PROBLEM TO WORK ON ->
Exactly as they appear, write the lines from the one containing "Просторный 2-х комнатный" to the final line of the entries, leaving pictures out.

INPUT DATA ->
========

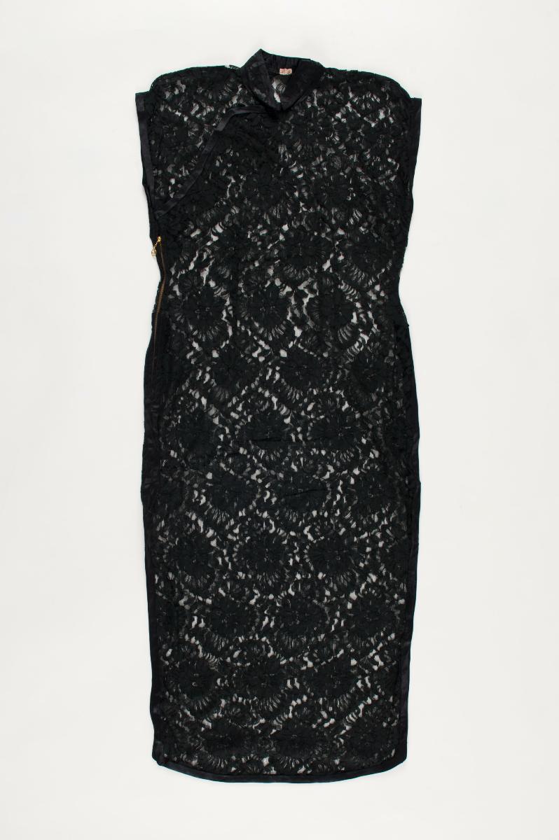 This is a black sleeveless cheongsam with cut-out floral designs. The collar is lined with a plastic support. It is figure hugging and tapered at the bottom, giving the wearer a pencil-slim silhouette. The flap on the right-hand side is secured by press studs.This cheongsam belonged to Mdm. Wu Chuen Chuen, who enjoyed wearing it to work and parties, often with a corset underneath to achieve the desired hourglass figure. A leading businesswoman of her time, Mdm. Wu ran the former Stamford Café at Bras Basah Road for 30 years before it closed in the 1970s.
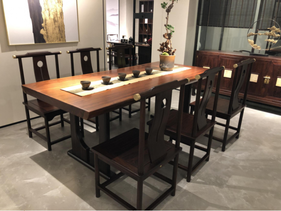 2019年3月,深圳國際家具展覽會,攜【上丞】系列榮耀亮相,引進(jìn)新的材質(zhì)-黑酸枝,在眾多實木新中式品牌中脫穎而出。
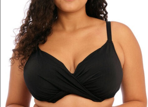 Magnetic updates classic Elomi Swim styles with high fashion touches. Details include flattering twist front designs, strapping details and ‘barely there’ flesh tone panelling. Available in timeless Black. Based on the Essentials ES7504 UW Plunge Bikini Top with the addition of a gathered wrap overlay at the centre front. Featuring a neckline that has concealed elastic for ease of fit, powernet back lining for extra support and fully lined with a light but supportive fabric for a bikini look with the fit of an Elomi Lingerie bra. Matching Magnetic swim brief ES7195BLK and ES7196BLK
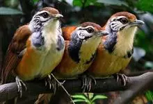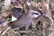 白颊噪鹛是雀形目噪鹛科噪鹛属鸟类,又称土画眉、小画眉、小噪鹃。成鸟额至头顶栗褐色,长眉纹、眼先和颊纹棕白色,眼后至耳羽深褐色,…全部>>
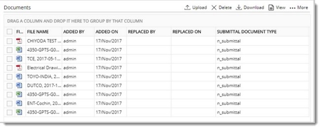 Submittal Types window is displayed. Here different submittal types defined for a project is displayed.
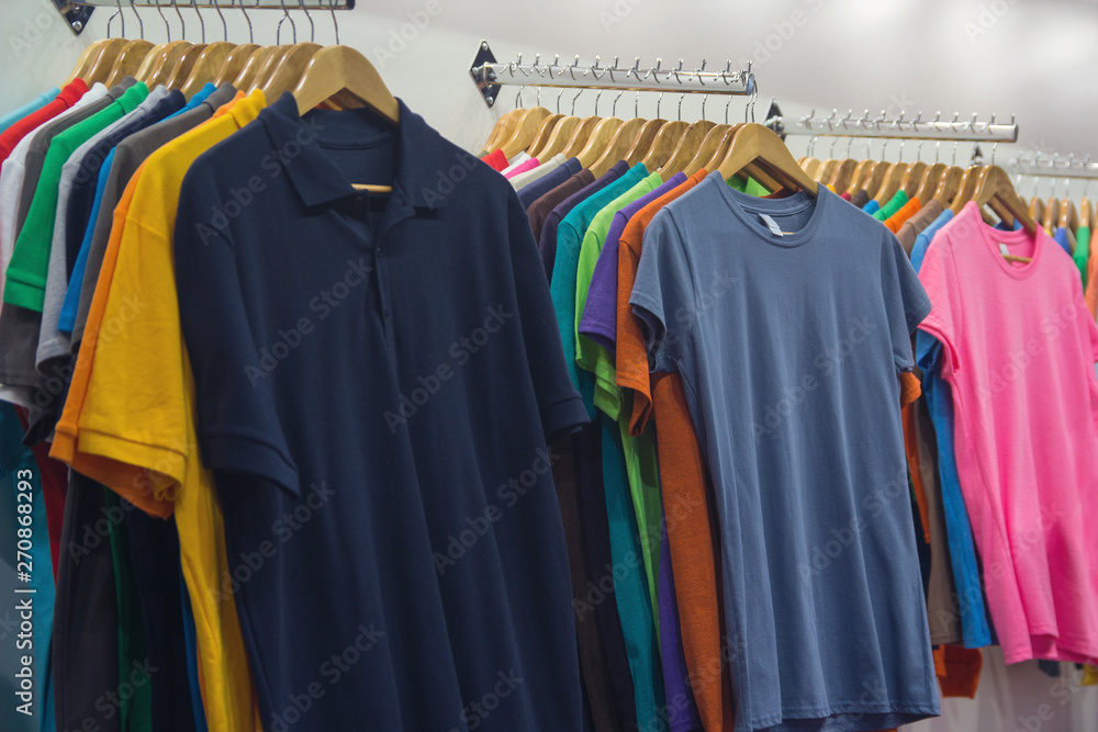 Variety of t-shirts of different colors on wooden hangers
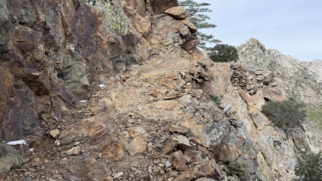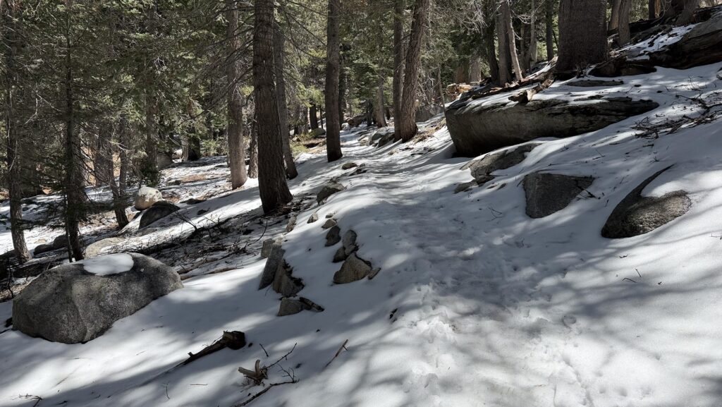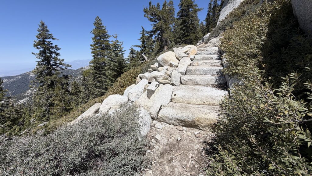 There was a point where a southbound set of older gentlemen were coming my way. I stood off to the side while they attempted a fresh rock slide and then pass me. The first man thought one of the rocks was stable. It was not. He fell directly to his ass. We looked at each other with an understanding of how that could have turned out. He was so close to sliding down the mountain.
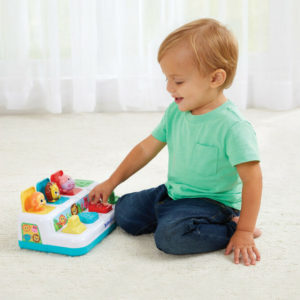 With the Kidoozie Pop ‘n Play Animal Friends set your child can start identifying wild animals like monkeys and more! Each little door comes with its own number in its own color. Below that are dots representing that number and the corresponding button in the same color. It helps children with matching and identifying numbers to jump-start the counting process.
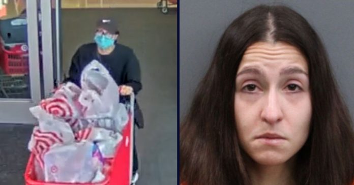 Left: Bailey Slater walks out of a Target near Tampa, Florida, after she allegedly stole a hospital patient”s credit card (Hillsborough County Sheriff’s Office). Right: Slater’s mug shot (Hillsborough County Sheriff’s Office).
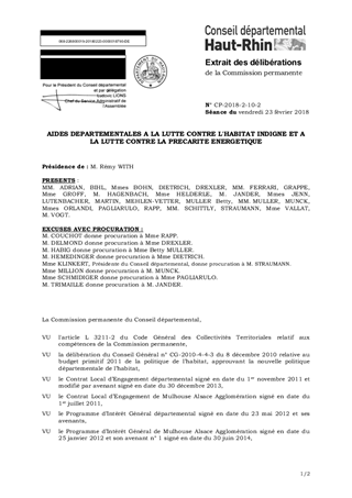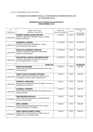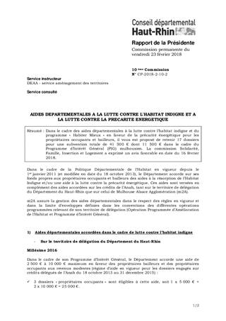 Dans le cadre des aides départementales à la lutte contre l’habitat indigne et du programme « Habiter Mieux » en faveur de la précarité énergétique pour les propriétaires occupants et bailleurs, il vous est proposé de retenir 17 dossiers pour une subvention totale de 41 500 € dont 11 500 € dans le cadre du Programme d’Intérêt Général (PIG) mulhousien. La commission Solidarité, Famille, Insertion et Logement a exprimé un avis favorable en date du 16 février 2018.
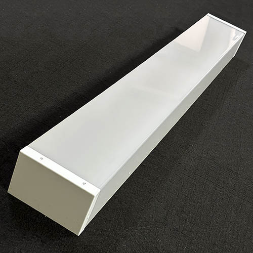 Плафон изготовлен из молочного светотехнического органического стекла. Вырезанная лазером заготовка из листового блочного оргстекла марки СБ толщиной 3 мм методом термогибки на струне сгибается в Г-образный профиль. С торцов профиля на алюминиевых заклепках установлены металлические боковины, окрашенные порошковой краской белого цвета. Крепление плафона к светильнику производится винтами в двух точках через отверстия на отгибе Г-образного профиля оргстекла. Текущее производство.
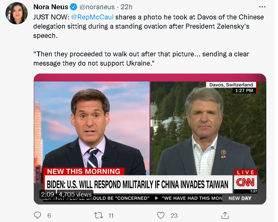 最初幫麥考爾傳播謠言的CNN主播伯曼,以及他的制片人、CNN記者諾拉·紐斯(Nora Neus),也仍然在他們的社交賬號上幫麥考爾擴散著所謂的“中國代表團不給烏克蘭總統鼓掌”的說法。
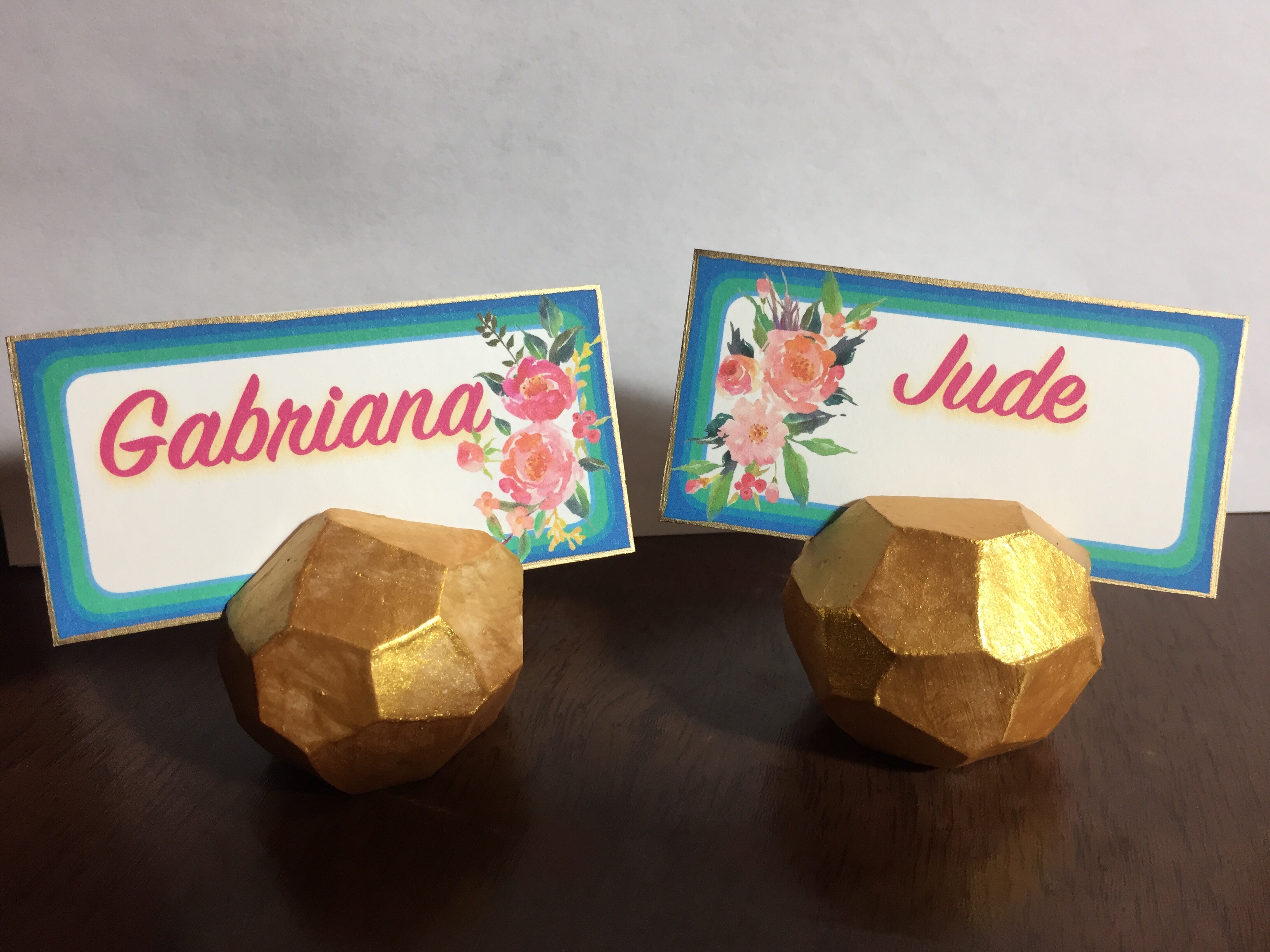 I made the gem-like geometric place card holders using white clay and gold paint (I vaguely followed these instructions). I love working with clay, and the project kept my hands busy while watching the singing shows Mama likes during the last few months.
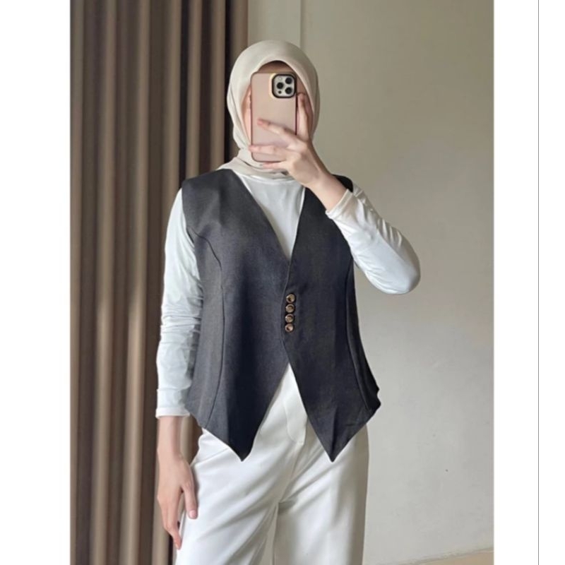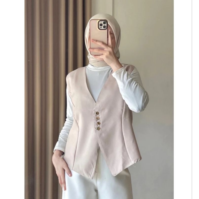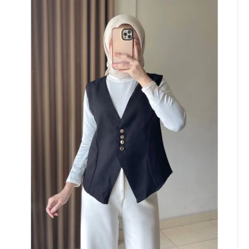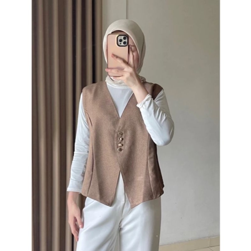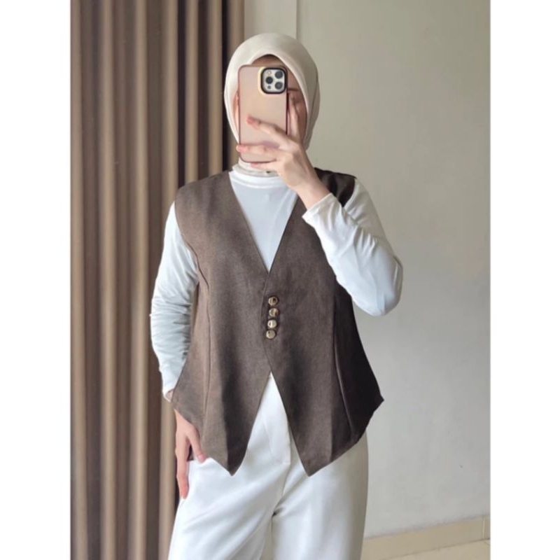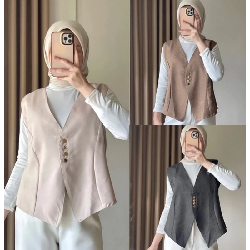 BRENDA VEST SEMI WOLL ROMPI OUTER KANCING PREMIUM V NECK ATASAN WANITA
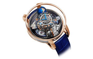 At its center, as with all versions of the Astronomia, is the unprecedented Astronomia movement with its vertical construction and four perfectly balanced arms, each attached to a novel rotating satellite. The time display has been moved from being one of the four satellites to the center of the movement. The movement platform rotates every 10 minutes inside the 50mm 18k rose gold and sapphire crystal case while floating above an aventurine base with a hand-painted depiction of the Milky Way galaxy with planets.
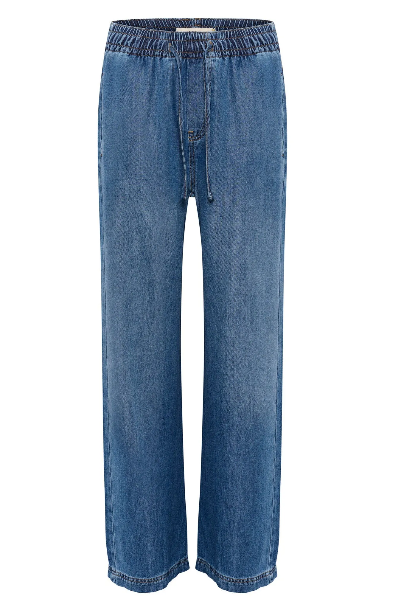 OBS! Fjernlager. Levering kan blive forlænget med 2-3 dage, hvis varen ikke findes i vores butik lige nu.Skønne bukser fra InWear med en bred elastikkant i taljen, et straight leg snit og en afslappet silhuet.
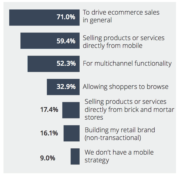 Un autre résultat clé de cette étude met en valeur l’importance grandissante du mobile. 87% des répondants prévoient d’augmenter leurs investissements dans ce secteur. Alors que la grande majorité (71%) espère pouvoir générer des ventes directement sur mobile, les dirigeants marketing sont néamoins conscients que la transaction finale est susceptible d’avoir lieu ailleurs (63%). Il est aussi intéressant à constater qu’en dépit de cet enthousiame pour le mobile, près d’1 marchand sur 10 (9%) n’a aucune stratégie mobile pour l’instant.
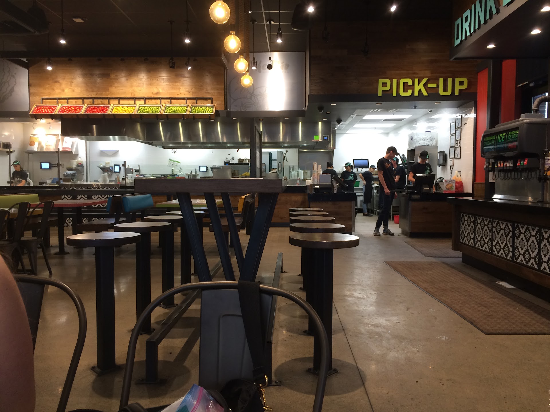 The food is still great as always, I debated giving 2 stars for that amongst the rest of our experience... However I noticed as we were walking down the line getting our burrito that things were particularly more dirty. I first noticed the rubberized coating on the handles of the tongs in the meats were all crackly, well-worn and falling off. I could only imagine finding one in my food (or even worse — having one but not finding it in my food).
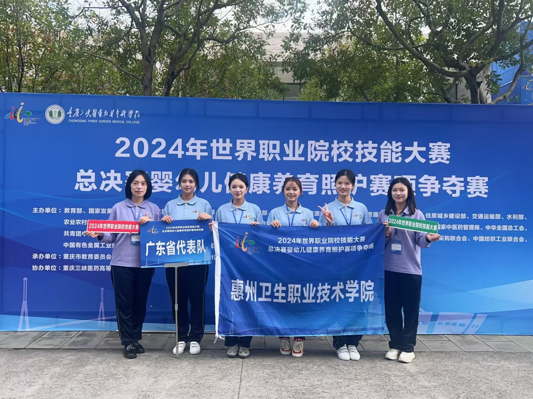 我校婴幼儿托育服务与管理和护理专业学生罗心爱、黄慧怡、林佳欣、刘巧在郑良芬、苏小燕两位老师的指导下,由临床学院院长吴慧带领参加此次比赛,经过3天的激烈的赛事争夺,我校选手发挥稳定,最终获得铜奖。
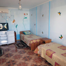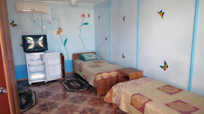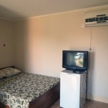 Просторный 2-х комнатный номер с отдельным входом, кухней и местом для отдыха. В каждой комнате ТВ, холодильник, сплит-система, Wi-Fi.
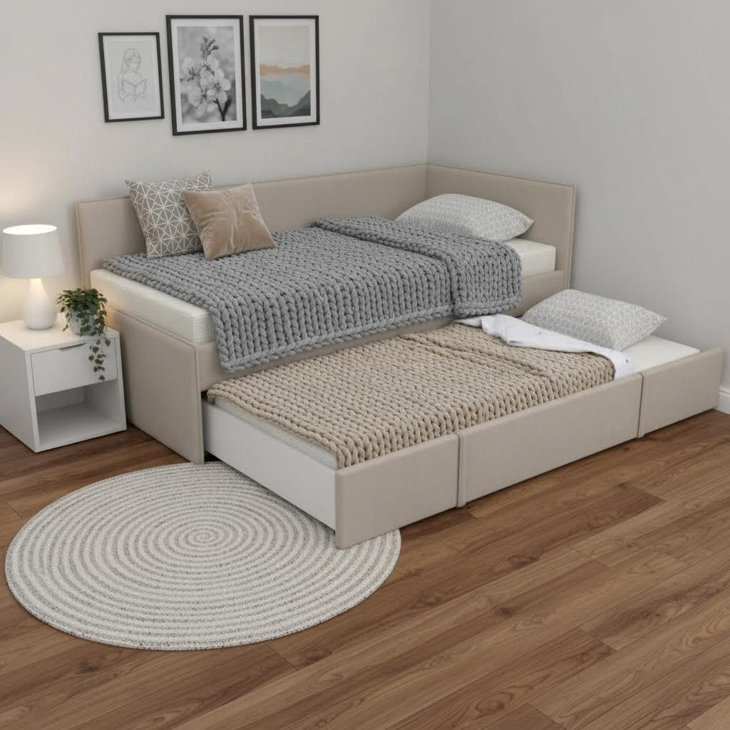 Данная модель оснащена вместительным ящиком, что позволяет использовать его как дополнительное спальное место.

========

ANSWER FOR THIS EXERCISE ->
 Просторный 2-х комнатный номер с отдельным входом, кухней и местом для отдыха. В каждой комнате ТВ, холодильник, сплит-система, Wi-Fi.
 Данная модель оснащена вместительным ящиком, что позволяет использовать его как дополнительное спальное место.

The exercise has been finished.